I don't know if you people know how relevant this discussion is right now in Holland.
There is a large booming discussion going on; should heavily mentally handicapped people have the right to reproduce?
Scenario: mentally handicapped woman has a child. A year later the child has to be taken away, mal-nourished and scarred for life. The woman becomes pregnant again. The doctor talks to her "Don't you know you could use anti-conceptants". "I do," the woman answers, "but I like children"
The problem is, which right is more prelavent? The right to have a child or the right to have a good parent? We know in advance that these mentally handicapped people are not equipped to be parents, yet they have the right to have sex (haven't had that forever either, but they do now) and the right to reproduce. Is forced sterilization the answer?
Yes, I say, and not just in this case. The right of a child to have a good parent should outweight the right to have a child.
In fact, I consider the right to have a child to be an outdated notion.

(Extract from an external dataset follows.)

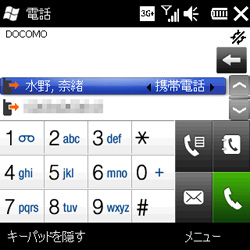 キーパッドで電話番号を入力できる。住所録から選ぶ際は、キーパッドが隠れる

Remember that things like "the right to kill" used to be existing rights too before you automatically protests; rights DO come and go.
That said, child-giving should not be considered an inherent free right. You are creating and determining the path, at least partially, of a new-born child.
Yes, welsh's argument is valid, where do you start and where do you stop? But I'm not talking about the interest of society here, I'm talking about the interest of the child. People who will obviously make their children's lives a living hell, like alcoholics, drug-addicts, mentally handicapped people, should simply not be allowed to have children. What gives them the right to create life and then destroy it?
To make all other people follow a course in parenting and do exams would also be an excellent idea.